** Data to use **

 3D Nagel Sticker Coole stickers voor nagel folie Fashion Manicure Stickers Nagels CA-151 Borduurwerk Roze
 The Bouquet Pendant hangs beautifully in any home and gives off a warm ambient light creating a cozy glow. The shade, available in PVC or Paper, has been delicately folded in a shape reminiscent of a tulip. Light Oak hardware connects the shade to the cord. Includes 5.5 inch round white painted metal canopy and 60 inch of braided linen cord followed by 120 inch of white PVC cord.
...
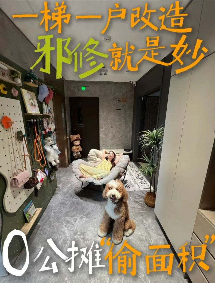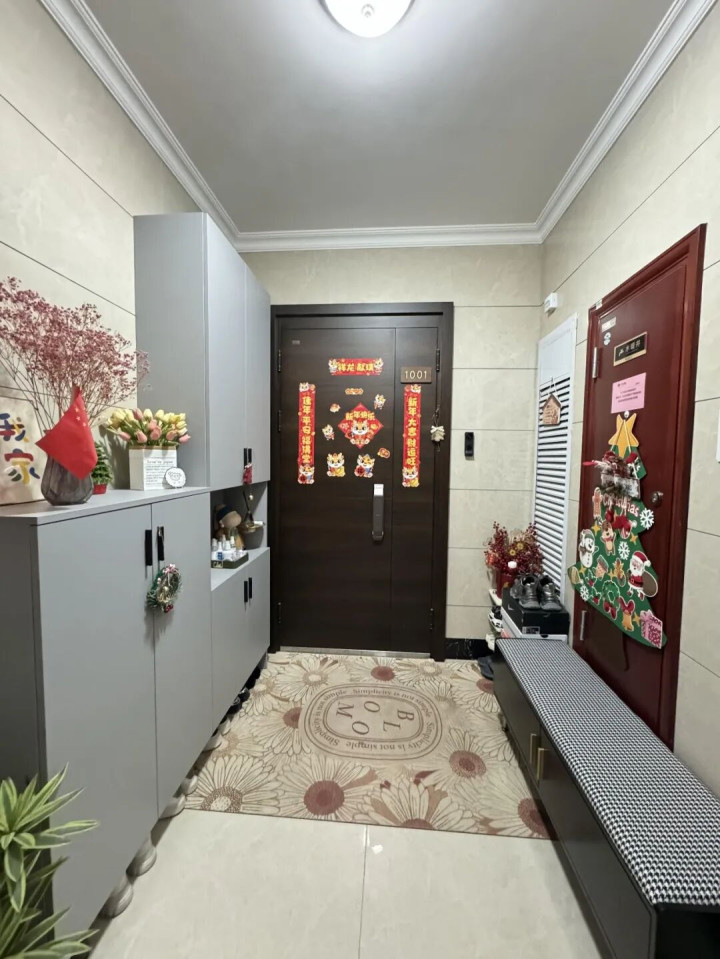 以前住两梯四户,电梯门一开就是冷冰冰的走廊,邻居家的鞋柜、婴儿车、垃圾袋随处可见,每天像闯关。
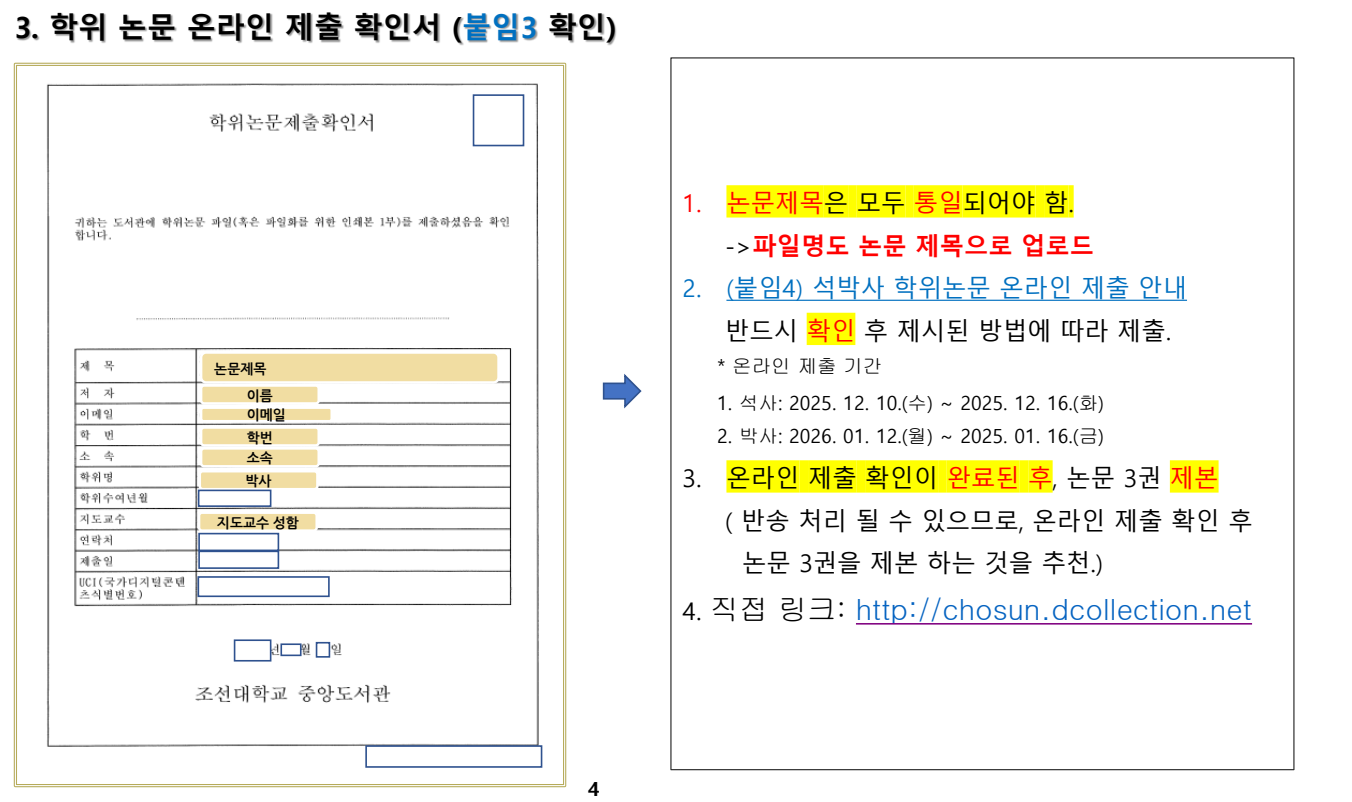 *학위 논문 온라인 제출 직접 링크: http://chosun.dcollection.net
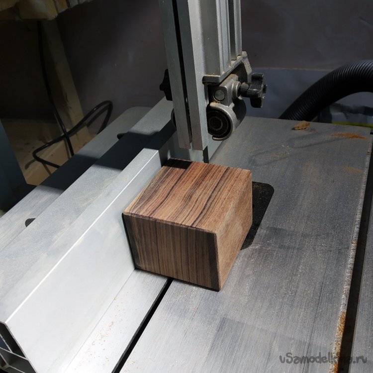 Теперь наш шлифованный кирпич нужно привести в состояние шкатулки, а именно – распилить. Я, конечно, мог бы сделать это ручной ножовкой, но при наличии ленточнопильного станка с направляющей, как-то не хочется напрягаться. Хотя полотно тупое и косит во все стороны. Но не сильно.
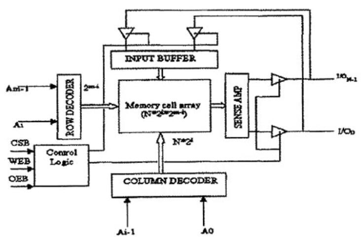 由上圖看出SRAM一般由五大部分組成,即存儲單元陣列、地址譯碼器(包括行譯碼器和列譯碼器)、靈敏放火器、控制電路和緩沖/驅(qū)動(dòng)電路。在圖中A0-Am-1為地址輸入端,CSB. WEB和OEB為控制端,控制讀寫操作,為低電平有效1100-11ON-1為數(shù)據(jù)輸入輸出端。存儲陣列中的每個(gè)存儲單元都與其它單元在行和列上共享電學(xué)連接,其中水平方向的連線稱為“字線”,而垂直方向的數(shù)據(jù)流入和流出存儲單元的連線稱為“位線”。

** Task description **
From the material above, set down exactly the lines between the line holding "3D Nagel Sticker" and the line holding "The Bouquet Pendant", inclusive. Include nothing else.

** Task answer **
 3D Nagel Sticker Coole stickers voor nagel folie Fashion Manicure Stickers Nagels CA-151 Borduurwerk Roze
 The Bouquet Pendant hangs beautifully in any home and gives off a warm ambient light creating a cozy glow. The shade, available in PVC or Paper, has been delicately folded in a shape reminiscent of a tulip. Light Oak hardware connects the shade to the cord. Includes 5.5 inch round white painted metal canopy and 60 inch of braided linen cord followed by 120 inch of white PVC cord.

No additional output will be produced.